How Do You Save for College?

One of the issues facing many parents and students alike is that they either haven’t saved enough money, or they haven’t saved it in the right places. One of the most well-known tools for college savings is a 529 plan, which is a stock-based investment that can only be used for education costs. While this also gives parents some flexibility to use these accounts for other education costs, there’s one major drawback to the 529 plan: the sequence of return risk. What happens if your child needs the money shortly after an economic downturn? For most people, college is not something to be delayed more than a few years. If the stock market crashes and you lose the money you have in a 529 plan, you lose it. There’s no way to protect that money from loss.

After 2007-2008, many newly minted high school graduates saw their college funds reduced by half or more. All of that savings and work from their parents disappeared. Even students who started school years later would feel this impact. And of course, parents and grandparents who saved diligently into these plans were devastated that their contributions seemed to vanish. Yet this is the unfortunate reality of assets that are tied to the stock market.

The solution we propose is to save into whole life insurance instead.

How to Pay for College with Whole Life Insurance

Just as we champion whole life insurance as your everyday savings vehicle, we want to suggest it for college savings as well. There are many reasons to love whole life insurance as a place to save your money, including:

  • Whole life is not correlated to the stock market, which means the market’s whims can never negatively affect your cash value.
  • Any time your cash value increases, it is the new guaranteed “floor” of your policy. You cannot lose money unless you remove it.
  • Your cash value can serve many purposes. Being able to leverage your policy allows you to use it as a replenishing pool of money rather than a “one and done” source.
  • You can use your cash value for any purpose, without oversight from the government or a bank. If your child decides they don’t want to go to college, they can use the funds for something else.
  • Because the money is replenishing, you can use the cash value to teach your child important financial lessons while they grow up, such as how to finance purchases.
  • In addition to a guaranteed dollar increase each year, dividend paying whole life insurance has a great track record.
  • Does not have to be reported on FAFSA forms, which can increase your opportunities for grants and scholarships.
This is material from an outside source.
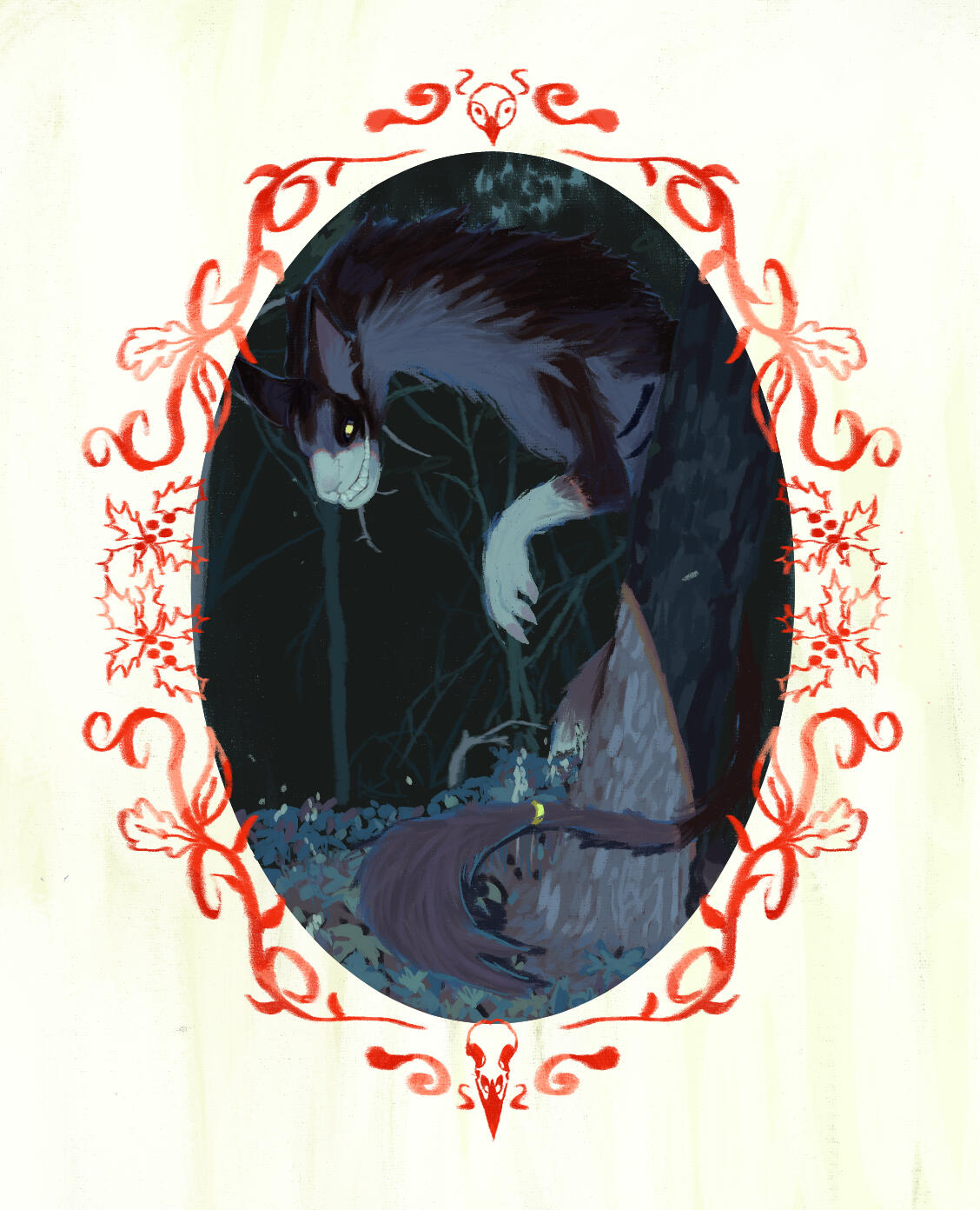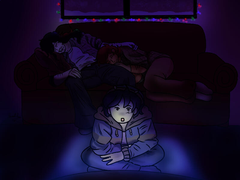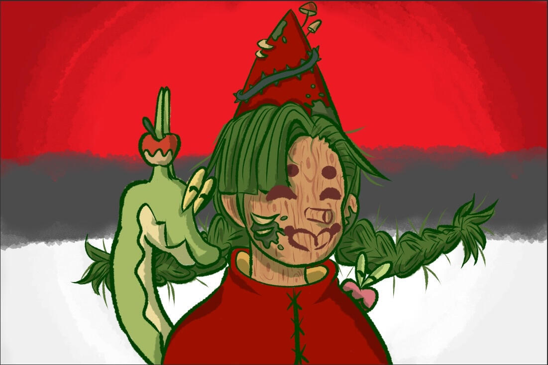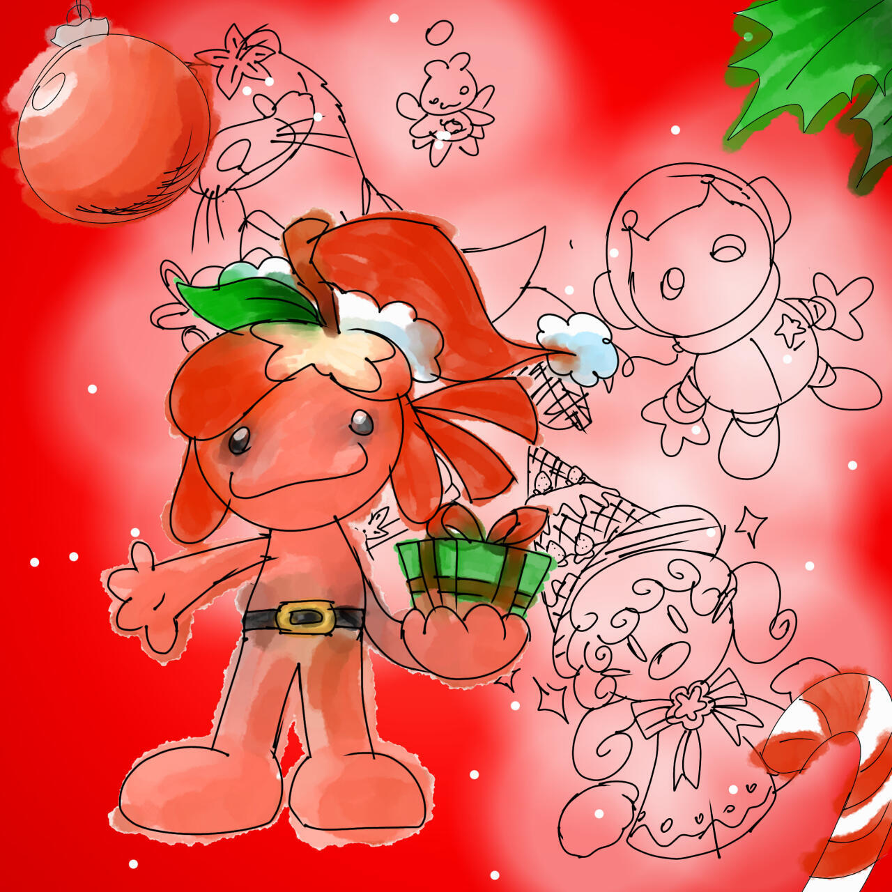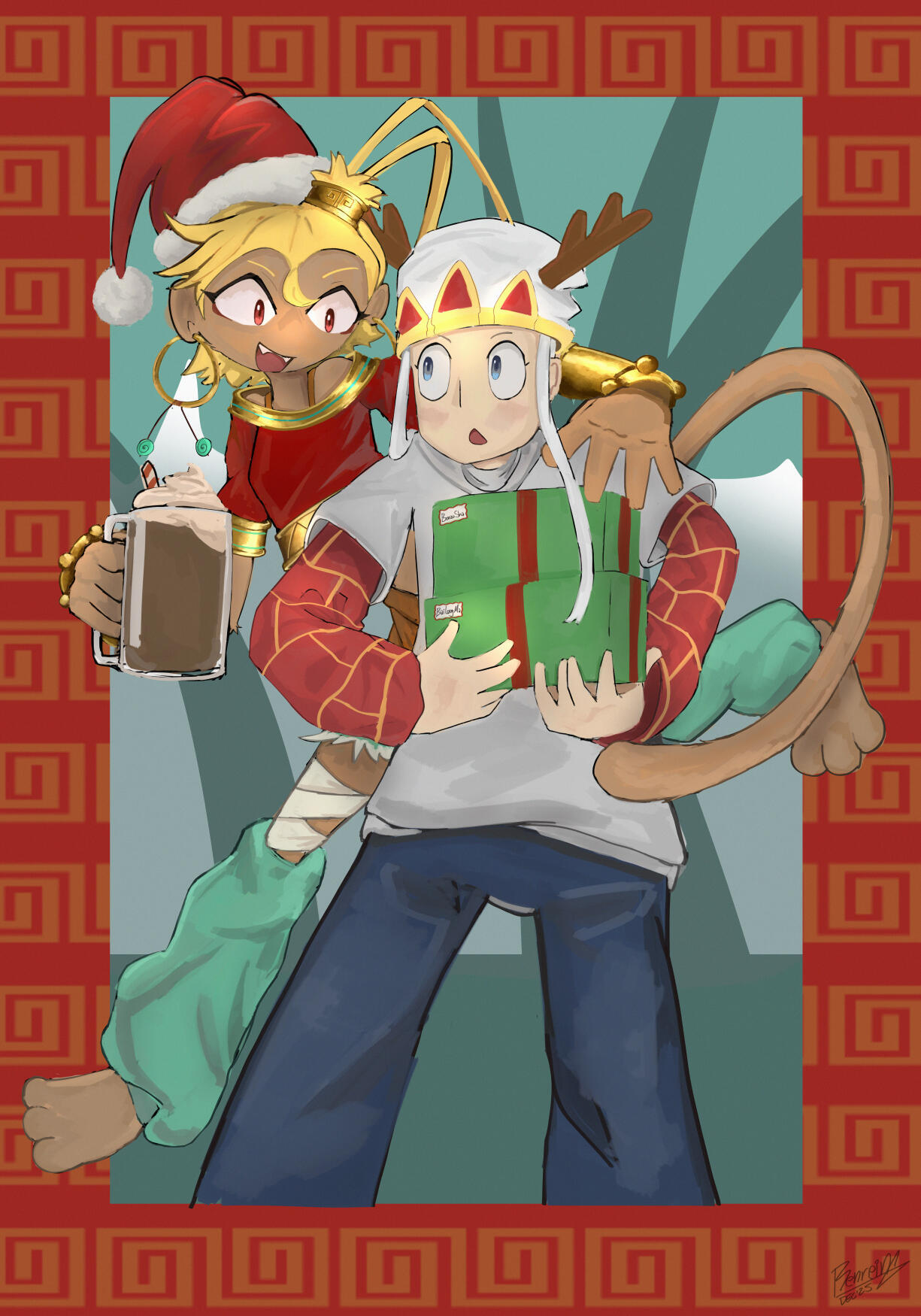 A drawing of my ocs sitting by a fire or a tree, one of my favorite characters in something normally worn on Christmas (Santa hat, sweater etc.)

These reasons are truly just the tip of the iceberg. Ultimately, using whole life insurance to save for college is certain, liquid, and efficient.

Will Your Kids Want Whole Life Insurance?

There is, however, an elephant in the room that we should address. The most efficient way to use your cash value is through policy loans, which are loans from the life insurance company by putting your cash value as collateral. Doing this allows your cash value to continue to earn interest and dividends at the full compounding effect. Yet, a loan is a loan, and many people see college savings as a way to AVOID loans.

The tricky question that has been posed to us is, “How are my kids supposed to feel better using a policy loan for tuition that they have to pay back with after-tax funds?”

Unfortunately, none of us have a way to see the future and know what our children will want, or how they will feel. All we can do is our best for them, and hope that it’s enough. However, what we can do is continue to educate our children to the highest standard possible about financial literacy and responsibility, and hope that they see the value of leverage when the time comes.

The Power of the Policy Loan

When it comes to a policy loan, there are several things that make it much more valuable than a normal student loan. For example, children can repay these loans on their own schedule. There’s no deadline or timeline. While we recommend having a good habit of making payments, this provides some much-desired flexibility for college graduates. This gives them time to find a career they love and make some adjustments, without the added stress of mandatory loan payments. It can also help your children to have “skin in the game,” and commit to college because it’s the right decision, not because it’s paid for.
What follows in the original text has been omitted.